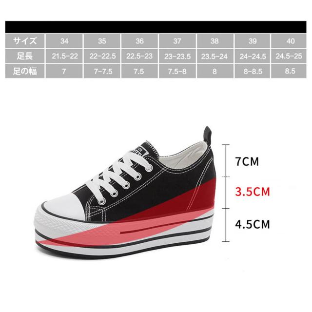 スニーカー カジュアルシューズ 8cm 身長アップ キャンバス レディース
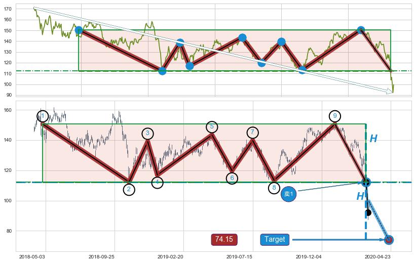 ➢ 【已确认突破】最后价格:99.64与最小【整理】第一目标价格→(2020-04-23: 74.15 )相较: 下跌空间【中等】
--
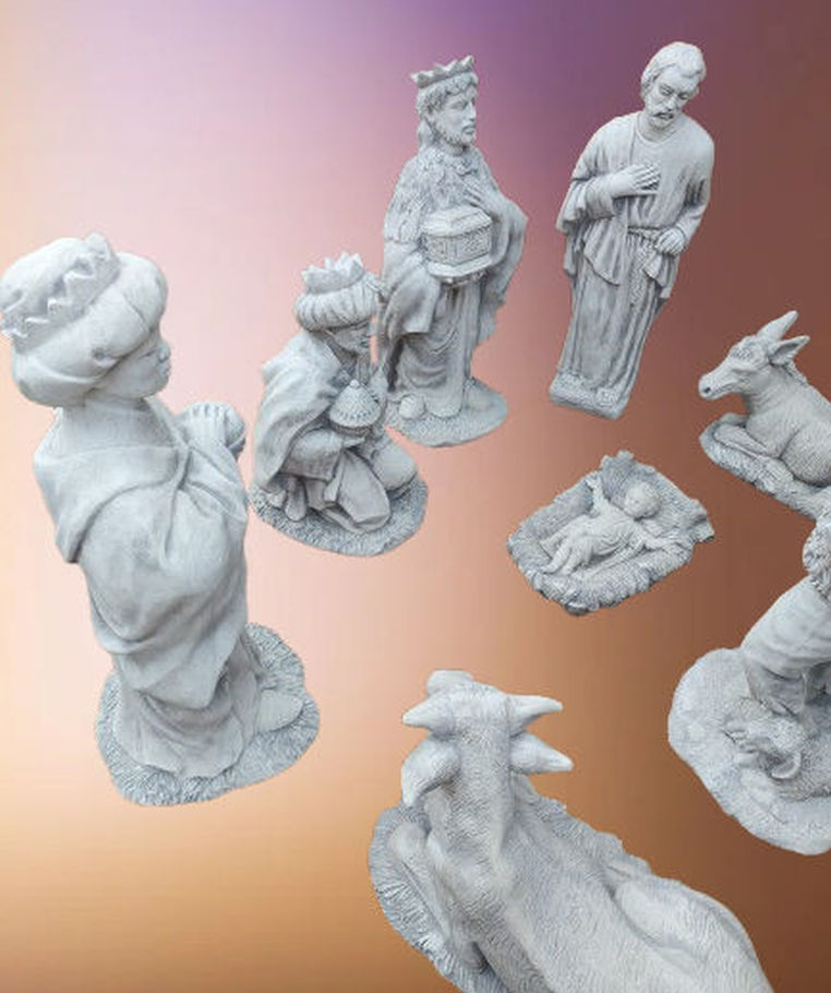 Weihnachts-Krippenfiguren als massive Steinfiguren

* [WHAT YOU ARE ASKED TO DO] Write out again exactly the lines above from the one with "スニーカー カジュアルシューズ 8cm 身長アップ キャンバス レディース" through the one with "74.15 )相较: 下跌空间【中等】", adding no other lines and no pictures.

* [ANSWER TO THIS TASK]
 スニーカー カジュアルシューズ 8cm 身長アップ キャンバス レディース
 ➢ 【已确认突破】最后价格:99.64与最小【整理】第一目标价格→(2020-04-23: 74.15 )相较: 下跌空间【中等】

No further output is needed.